**Materials provided**
=== Begin Enclosure ===
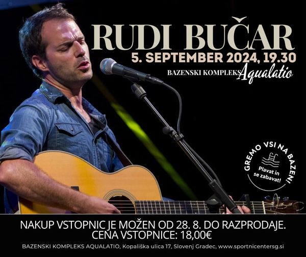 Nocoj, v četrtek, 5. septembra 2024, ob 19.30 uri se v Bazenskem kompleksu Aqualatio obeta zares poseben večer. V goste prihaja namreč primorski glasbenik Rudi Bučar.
=== End Enclosure ===
=== Begin Enclosure ===
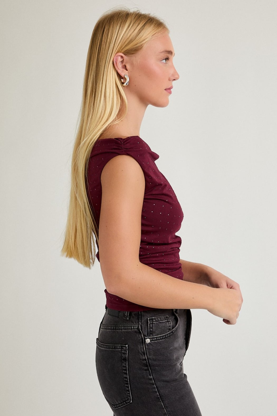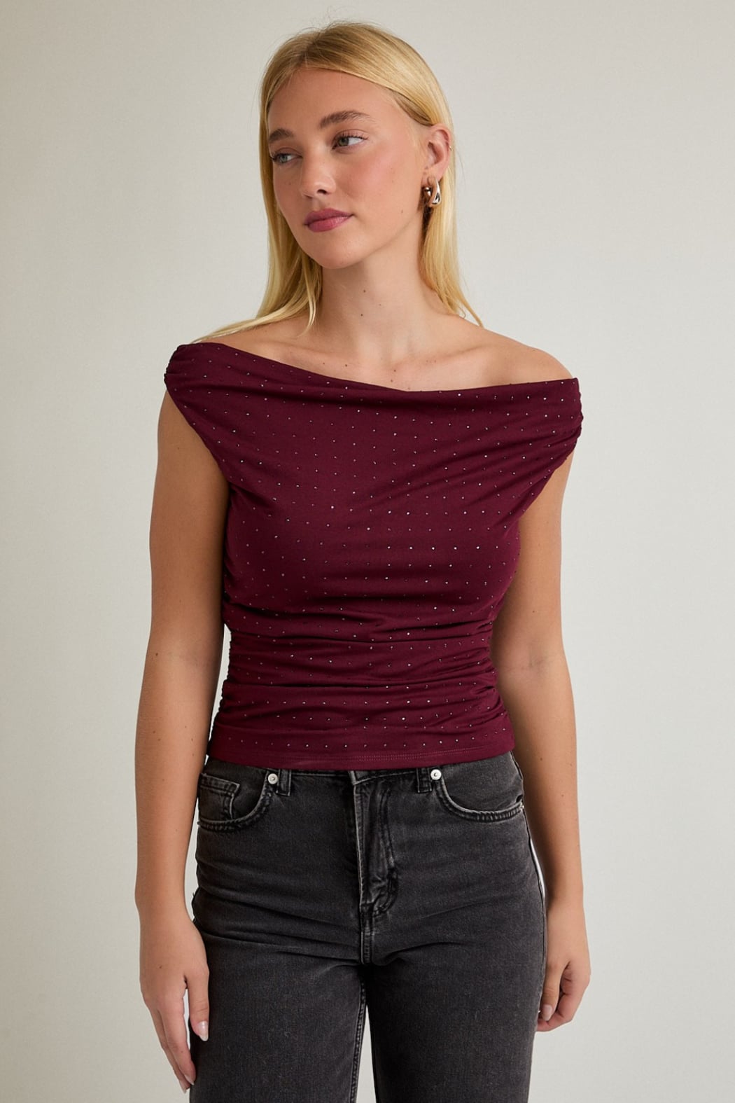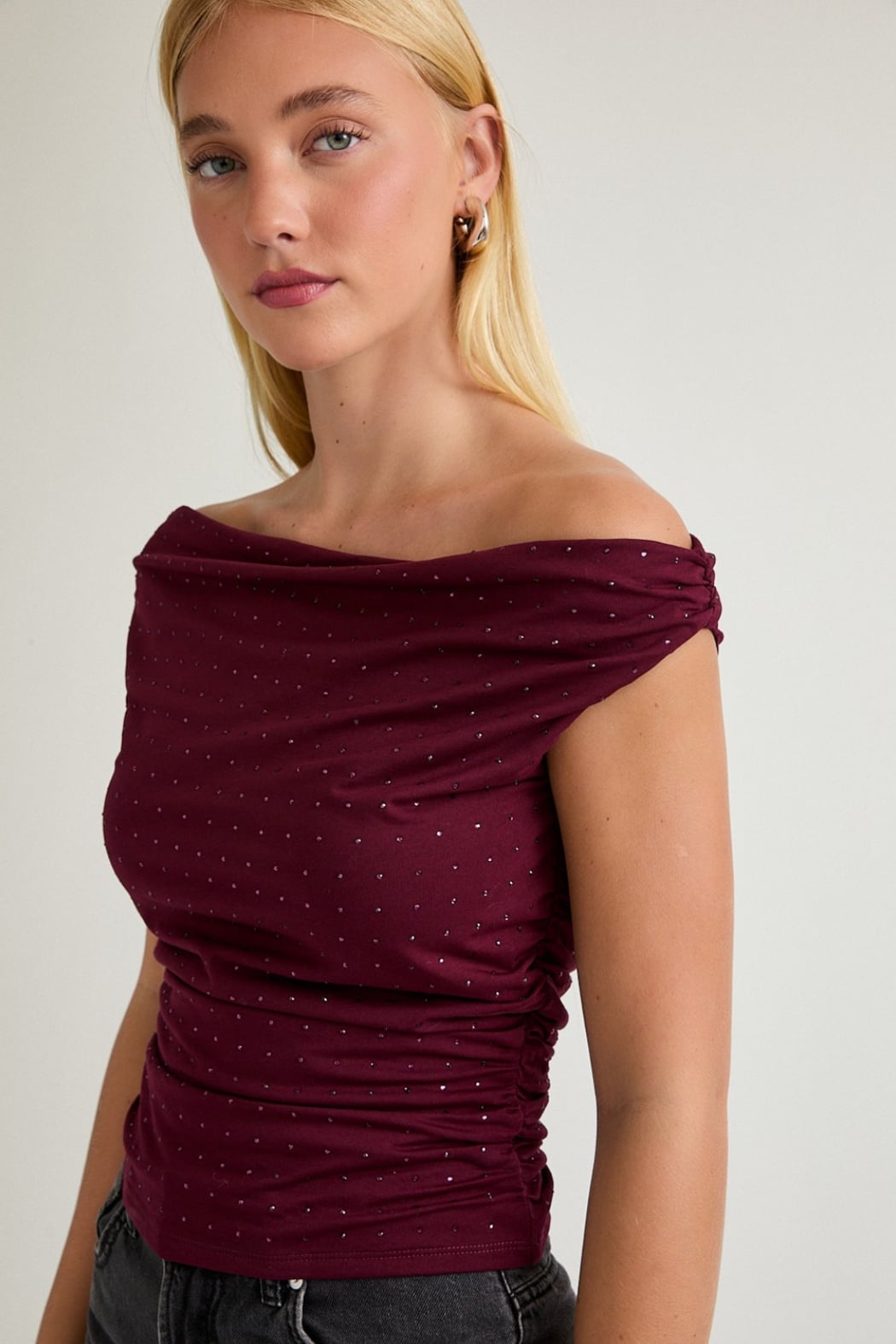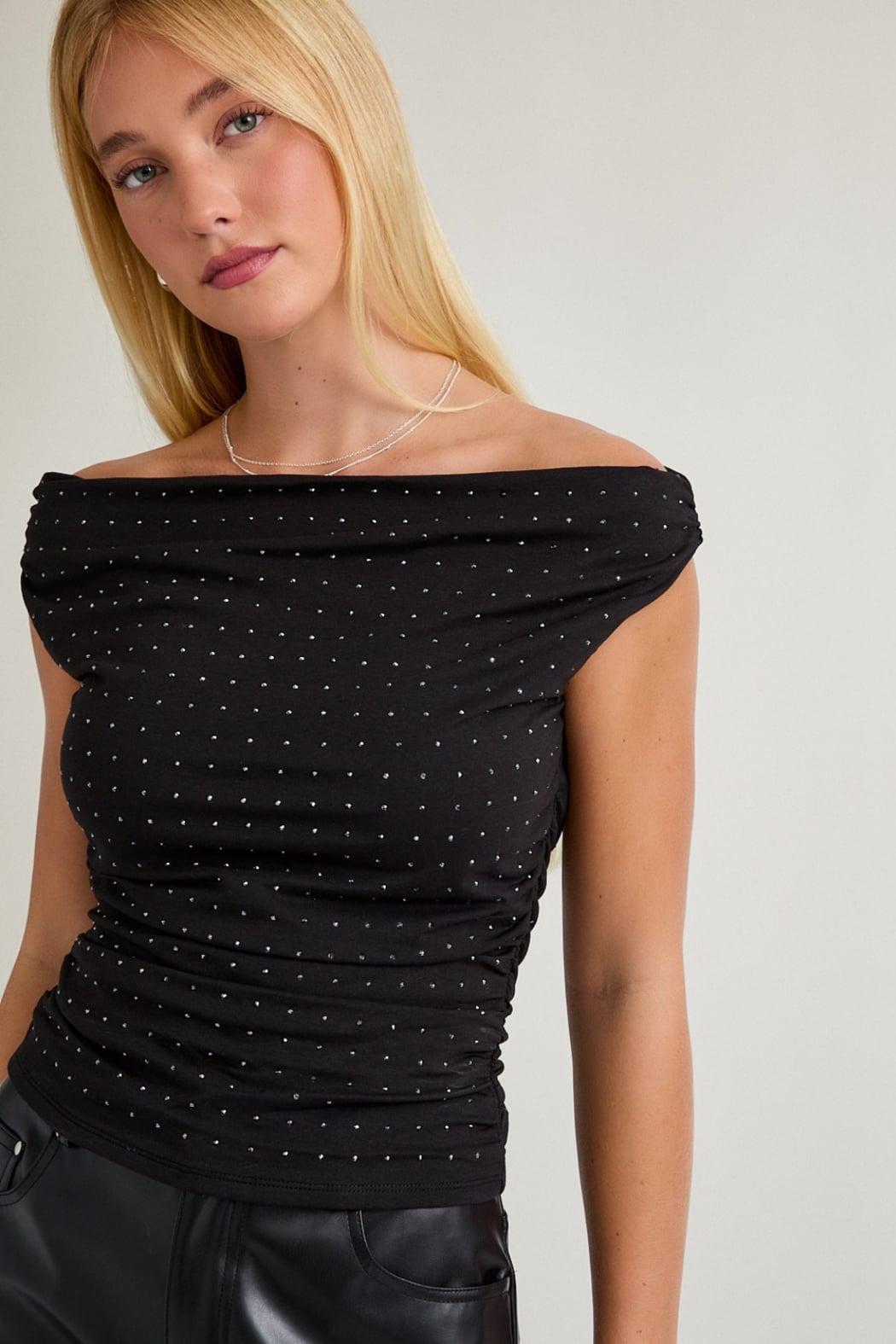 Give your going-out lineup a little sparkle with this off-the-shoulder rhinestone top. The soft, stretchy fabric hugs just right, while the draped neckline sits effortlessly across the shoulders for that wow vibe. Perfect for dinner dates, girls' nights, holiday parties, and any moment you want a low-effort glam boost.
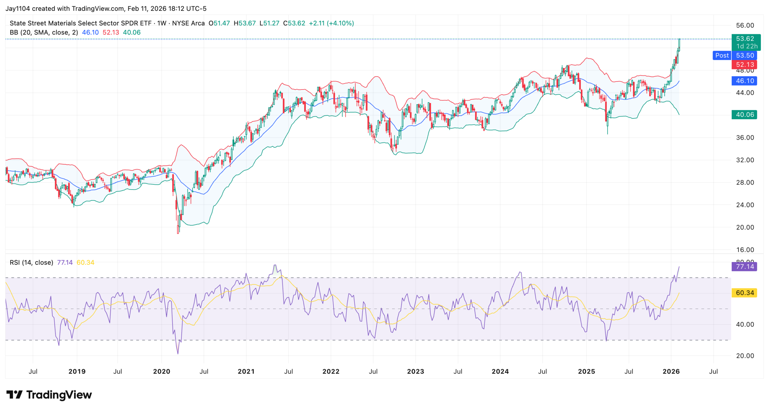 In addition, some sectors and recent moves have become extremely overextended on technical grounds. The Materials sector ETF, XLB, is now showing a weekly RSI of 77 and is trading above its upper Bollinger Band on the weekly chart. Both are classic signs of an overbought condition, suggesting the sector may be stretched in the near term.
=== End Enclosure ===
Transcribe, word for word, the stretch of lines in the data above from the one with "Give your going-out" through the one with "In addition, some"; omit all pictures.

 Give your going-out lineup a little sparkle with this off-the-shoulder rhinestone top. The soft, stretchy fabric hugs just right, while the draped neckline sits effortlessly across the shoulders for that wow vibe. Perfect for dinner dates, girls' nights, holiday parties, and any moment you want a low-effort glam boost.
 In addition, some sectors and recent moves have become extremely overextended on technical grounds. The Materials sector ETF, XLB, is now showing a weekly RSI of 77 and is trading above its upper Bollinger Band on the weekly chart. Both are classic signs of an overbought condition, suggesting the sector may be stretched in the near term.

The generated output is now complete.